The board’s mandate is to “analyze and review actions the executive branch takes to protect the Nation from terrorism, ensuring that the need for such actions is balanced with the need to protect privacy and civil liberties” and to “ensure that liberty concerns are appropriately considered in the development and implementation of laws, regulations, and policies related to efforts to protect the Nation against terrorism.”

Note that this mandate appears to restrict the board’s oversight powers to the government’s anti-terrorism programs, and that its oversight role does not extend to other areas that can raise civil liberties issues such as the War on Drugs, crime prevention, or benefits programs.

Functions

The PCLOB is directed by Congress to fulfill five primary functions:

  1. Provide “advice and counsel on policy development and implementation” by reviewing proposed legislation, regulations and policies.
  2. Provide oversight by “continually review[ing]” implementation of the regulations, policies, and procedures, “information sharing practices,” and “other actions” of the executive branch.
  3. Work with the privacy officers and civil liberties officers of federal agencies—receive reports from, make recommendations to, and “when appropriate,” “coordinate the activities” of those officers.
  4. Submit semiannual reports to Congress and the President.
  5. Inform the public by releasing its reports “in unclassified form to the greatest extent possible,” by holding public hearings, or through other methods.

Powers and limitations

Congress gave the board significant powers to access information. The statute directs that “If determined by the Board to be necessary” to carry out its functions, the PCLOB “is authorized to”

  • “Have access from any department, agency, or element of the executive branch” to “all relevant” records or material, “including classified information consistent with applicable law. “
  • “Interview, take statements from, or take public testimony from personnel” of any element of the executive branch.
  • “Request information or assistance from any State, tribal, or local government.”
  • Compel testimony by subpoena from persons “other than departments, agencies, and elements of the executive branch,” a majority of the board can submit a written request to the Attorney General to issue a subpoena on behalf of the board. Within 30 days, the AG must either comply or provide a written explanation for a denial to the board and to the House and Senate Judiciary Committees. This is a strangely contorted way of giving the board subpoena power, and inserts a powerful executive branch official whose agency may be a subject of the board’s oversight into the process—but at least it only applies to subpoenas directed outside government.

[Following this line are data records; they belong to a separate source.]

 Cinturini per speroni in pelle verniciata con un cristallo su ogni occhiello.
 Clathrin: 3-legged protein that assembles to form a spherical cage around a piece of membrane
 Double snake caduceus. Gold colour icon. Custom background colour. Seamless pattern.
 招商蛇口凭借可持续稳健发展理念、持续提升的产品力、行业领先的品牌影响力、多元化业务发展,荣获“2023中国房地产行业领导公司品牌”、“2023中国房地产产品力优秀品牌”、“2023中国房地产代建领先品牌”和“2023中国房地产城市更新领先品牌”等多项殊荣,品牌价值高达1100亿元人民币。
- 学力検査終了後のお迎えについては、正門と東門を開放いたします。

What Congress did not give the PCLOB the power to do, unfortunately, is challenge agencies’ secrecy powers when it finds those powers have been abused to cover up wrongdoing or incompetence or to prevent legitimate public debate. At a time when such abuses of secrecy powers are widespread, it is not clear how the PCLOB would or could proceed if, for example, it uncovers brazen violations of the law that are classified (as they most likely would be).

The PCLOB also has no enforcement power. Other than by going to court like anyone else, it cannot order any government agency to change its practices or otherwise enforce the law. Other countries give their privacy commissioners such powers; in 2008, for example, the Italian government decided to publish the income tax returns of all Italian citizens on the Internet. The Italian data protection authority did not just condemn the action, or hold hearings, or file a court case—it ordered the information taken down, and it was. In some countries, such as Slovenia, the data protection commissioner also has the power to unilaterally declassify information.

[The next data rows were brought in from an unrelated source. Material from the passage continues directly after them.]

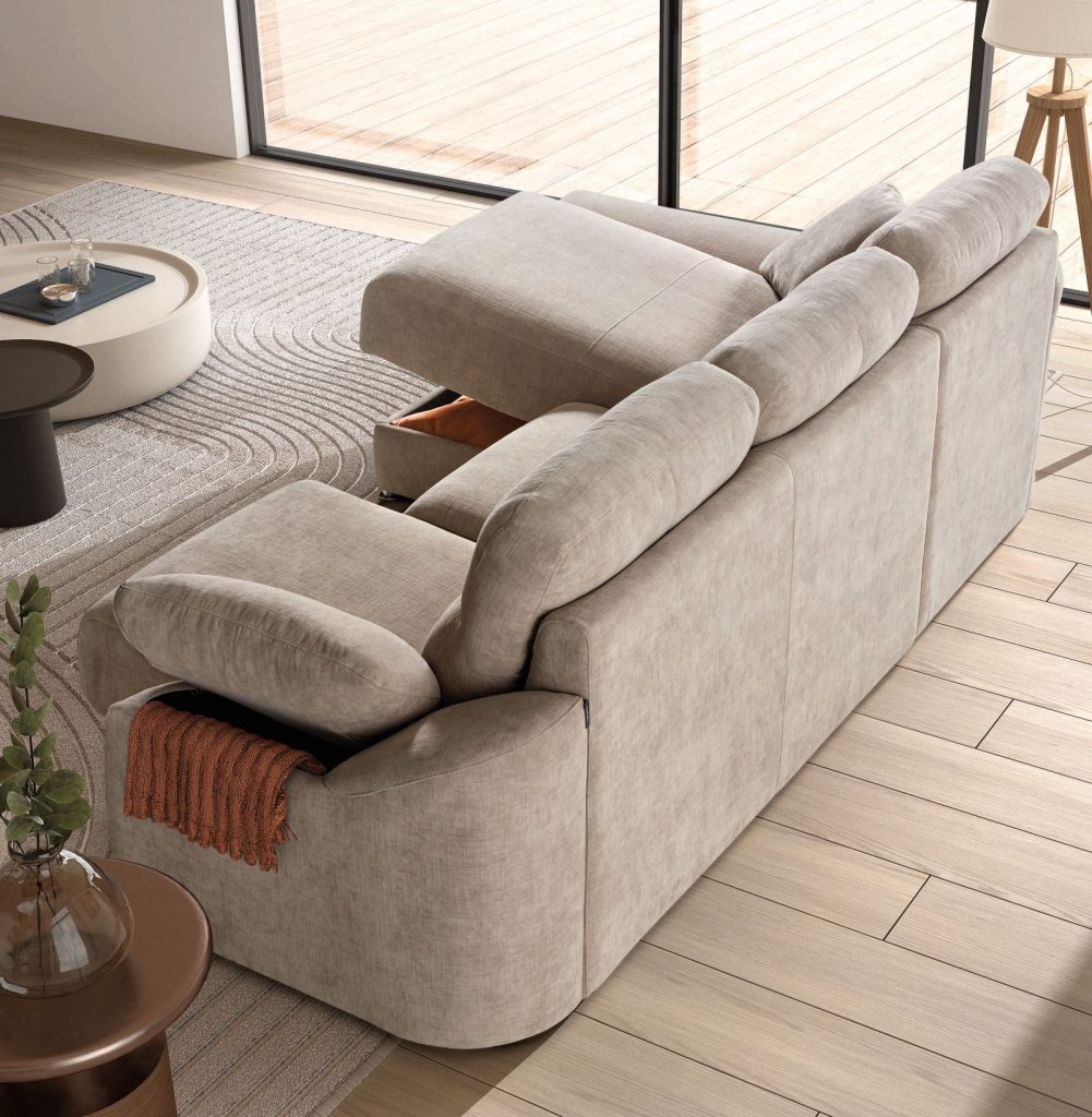 This sofa has sliding seats that pull out to make a deeper seat.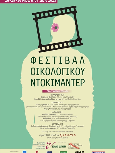 Το 1ο Φεστιβάλ Οικολογικού Ντοκιμαντέρ Ελευσίνας ολοκληρώθηκε με επιτυχία, εγκαινιάζοντας έναν νέο θεσμό που συνδέει την κινηματογραφική δημιουργία με τον σύγχρονο περιβαλλοντικό προβληματισμό. Για τέσσερις ημέρες (28/11 με 1/12/2025), το ιστορικό Σινέ Ελευσίς φιλοξένησε ελληνικά και διεθνή ντοκιμαντέρ που άνοιξαν έναν ζωντανό διάλογο για τη φύση, την ανθεκτικότητα των κοινοτήτων και τη σχέση ανθρώπου-περιβάλλοντος.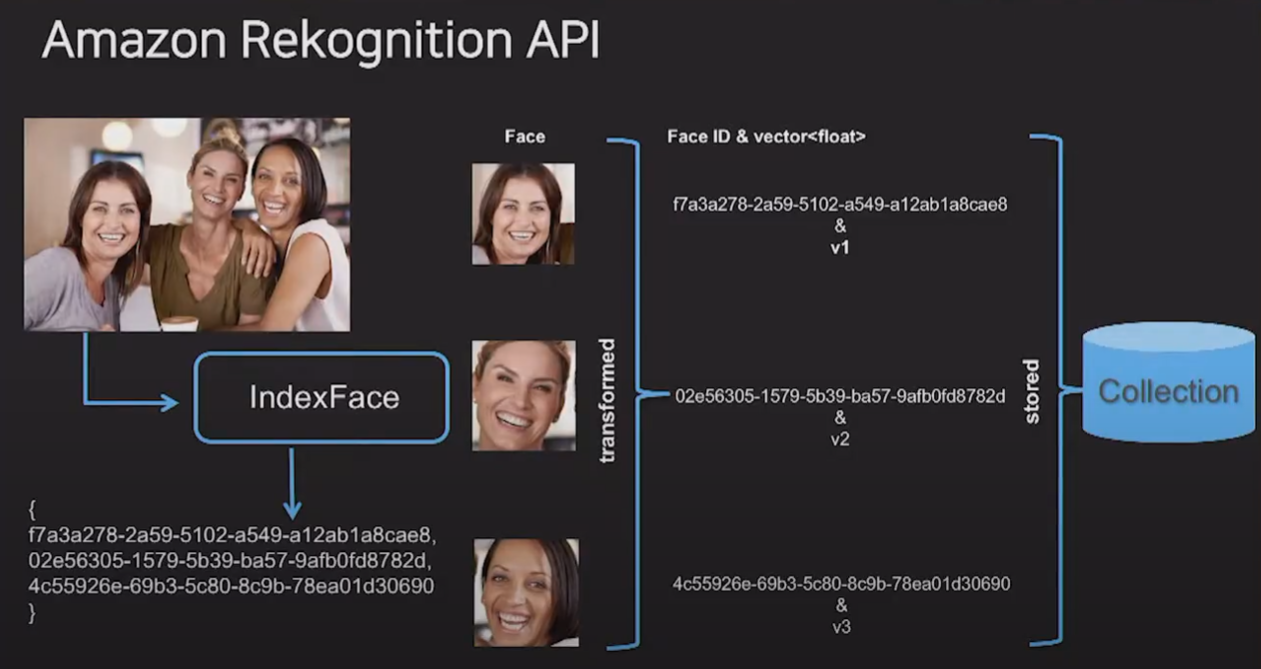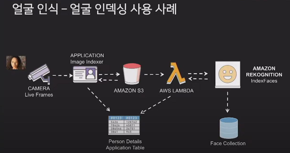 보관한 이미지를 컬렉션에(face collection) 넣어주는 형태로 컬렉션에 들어간 뒤 face_id를 리턴 받아 람다가 돌려받은 뒤 S3에 저장된 이미지와 이미지의 URL을 매핑시키기 위해 해당 데이터를 DynamoDB와 같은 애플리케이션 테이블에 저장하게 됩니다.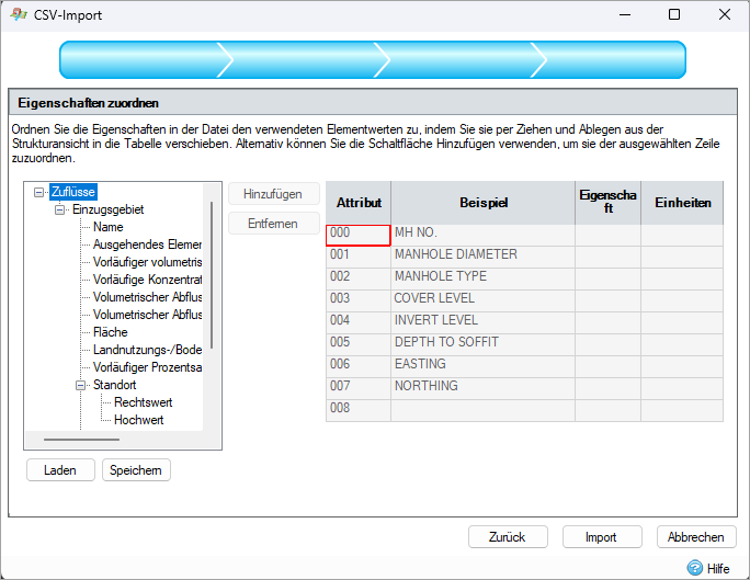 Der CSV-Importassistent erleichtert den Import InfoDrainage-Elementen aus Text- oder Excel-Dateien.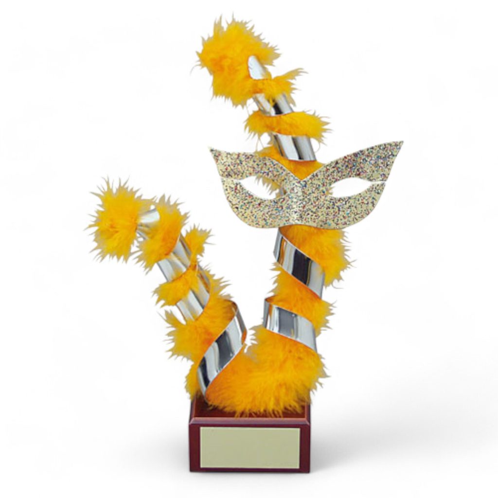 Introducing the vibrant Leon Carnival Trophy, a meticulously handcrafted award that embodies the festive spirit and flair of carnival celebrations. This exclusive trophy features a dazzling masquerade mask adorned with glitter, surrounded by swirling metal spirals wrapped in bright orange feathers. Set atop a polished wooden base, it brings a lively and eye-catching statement to any display.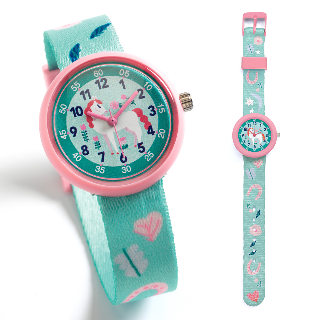 Hagyományos számlappal készült, értékes karóra kisgyermekek számára. A hagyományos számlapon mutatott idő leolvasásának a megtanulása még ma is elegendhetetlen, mert a digitális kijelzők nem nyújtják azokat a fontos fejlődési pontokat, mint amit a számlapos órák. Arabszámokkal írt óraszámlapok után, majd később, a római számos számlapos óra segít a római számok felfogásában, megjegyzésében is. A Djeco óraszerkezeteteit a japán Miyota cég és márka készti különleges gonddal a gyermekek számára. A Miyota gyár meghagyja az órásoknak az óra designjét, kizárólag óraszerkezeteket gyárt, a svájci órák preczitásával, ám elérhető áron. Küldetésük megfogalmazása: Kiváló minőségű órák szállítása a lehető legtöbb ember számára. Miyota elkötelezett azért, hogy értéket teremtsen  a következő generációk számára. Ennek a megvalósulása a Djeco tervező csapatával közösen megalakotott gyermekek számára a készült karóra.

Ultimately, as we laid out in our 2009 report, we would like to see Congress bolster those powers—broadening its mandate, giving it powers against overclassification, and giving it enforcement powers. It’s also, as I’ve said before, crucial that the board be given resources to grow into its giant task of overseeing our $80 billion national security establishment. But for now we are glad to see the PCLOB off to such a promising start in making use of the powers it has been given.